Spero in una prossima volta. Fra l’altro in queste serate ho la possibilità di parlare a 360 gradi di vero basket con persone che l’hanno praticato ai massimi livelli e che sono tutte, nessuna esclusa, più o meno della mia stessa opinione sulla deriva che il nostro amato sport ha preso in questi ultimi tempi, deriva che mi lascia affranto anche leggendo commenti su questo stesso blog, tipo quello di Stefano che in certe sue esternazioni mi sembra viva in una specie di mondo alla Lewis Carroll, nel quale le cose sono tutte distorte creando realtà alternative che nulla hanno a che fare con quanto sembra a me di percepire vedendo e tentando di capire le cose a cui assisto. Sono per esempio letteralmente trasalito leggendo il commento sulla conduzione del contropiede, dove vengono esposte teorie esattamente contrarie a quanto dimostrano i fatti e la logica più elementare, anche euclidea se volete (per esempio un passaggio arriva meglio più breve e rettilineo è, e per far ciò è solo ovvio che bisogna stare in mezzo al campo, oppure che palleggiare sui lati vuol dire: a) avere un passaggio praticamente impossibile verso l’altra metà del campo, con ciò giocando effettivamente solamente su un quarto di campo e b) avere da una parte l’avversario più imbattibile che ci sia e cioè la linea laterale del campo, per cui, avendo davanti anche un avversario umano, ci si automaticamente auto-raddoppia). Voglio dire che dover leggere cose del genere mi fa star letteralmente male, perché mi sembra di essere totalmente estraniato da un mondo in cui tutti partono dal presupposto che il sole sia verde invece che giallo. E dunque ben vengano le serate nelle quali, ripeto, parlando con gente che ha praticato il basket ai massimi livelli e dunque sa di cosa parla, troviamo una base comune sulla quale discutere, ovviamente con opinioni diverse che vengono messe a confronto (ed è la cosa più bella e stimolante), però sempre dentro a un quadro d’assieme condiviso, anzi neanche messo in discussione, perché ci sembra assiomatico.
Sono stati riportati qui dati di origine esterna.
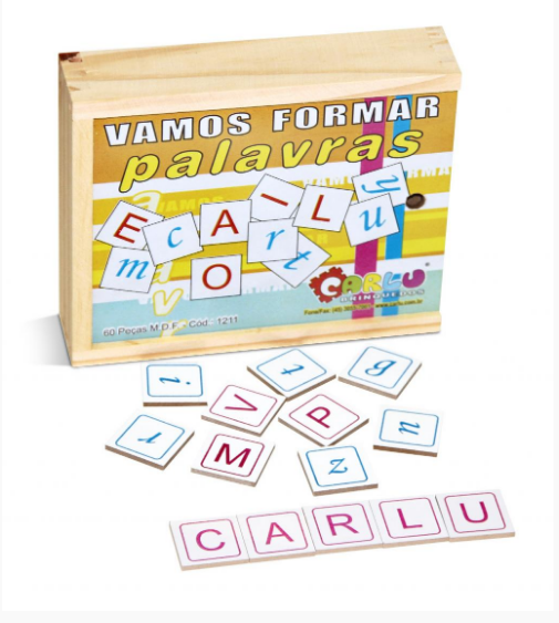 Confeccionado em M.D.F. Composto por 60 peças, medindo 3 x 3 cm, serigrafada em ambos os lados com tinta ultravioleta atóxica. Embalagem: Caixa de madeira com tampa serigrafada medindo 18 x 15 x 4 cm. Lacrada com película de P.V.C. encolhível.

Poi ci sono tante altre ragioni: una è che il mio blog mi piace sempre di meno per la piega che ha preso, per cui bisognerà prendere provvedimenti. Per ora farò solo un accorato appello, sperando che venga recepito. Edoardo, per favore, basta. Ti avevo già detto che avrei tollerato un solo commento al giorno e sappi che stavolta faccio sul serio, per cui, o ti limiti, oppure arriverà la mannaia. Il problema è che continui a fare continua propaganda alle cose nelle quali credi tu e nessun altro di quelli che leggono questo blog, ma soprattutto fai finta di non farlo, tirando continue frecciatine che hanno fra l’altro provocato la violenta e sarcastica replica di Pado che ho ammirato in modo estasiato per la perfetta retorica usata e per la forma usata di tipo catilinario. Fra l’altro il bello è che su questo punto non sono d’accordo con Pado, perché secondo me se si vuole (e tutti lo vogliamo, sarebbe una catastrofe umana e sociale se non fosse così) mantenere una categoria “donne” in qualsiasi sport, deve per forza essere messa nero su bianco una regolamentazione che indichi quale essere umano può annoverarsi nella categoria “donna”, e ciò per creare la necessaria equità competitiva che, in caso di mancanza, potrebbe demotivare e allontanare dal praticare sport competitivo la maggior parte delle ragazze, costrette a gareggiare contro virago dotate di un motore del tutto truccato (non è colpa loro, chiaro, ma non è certamente questo il punto quando si parla di sport).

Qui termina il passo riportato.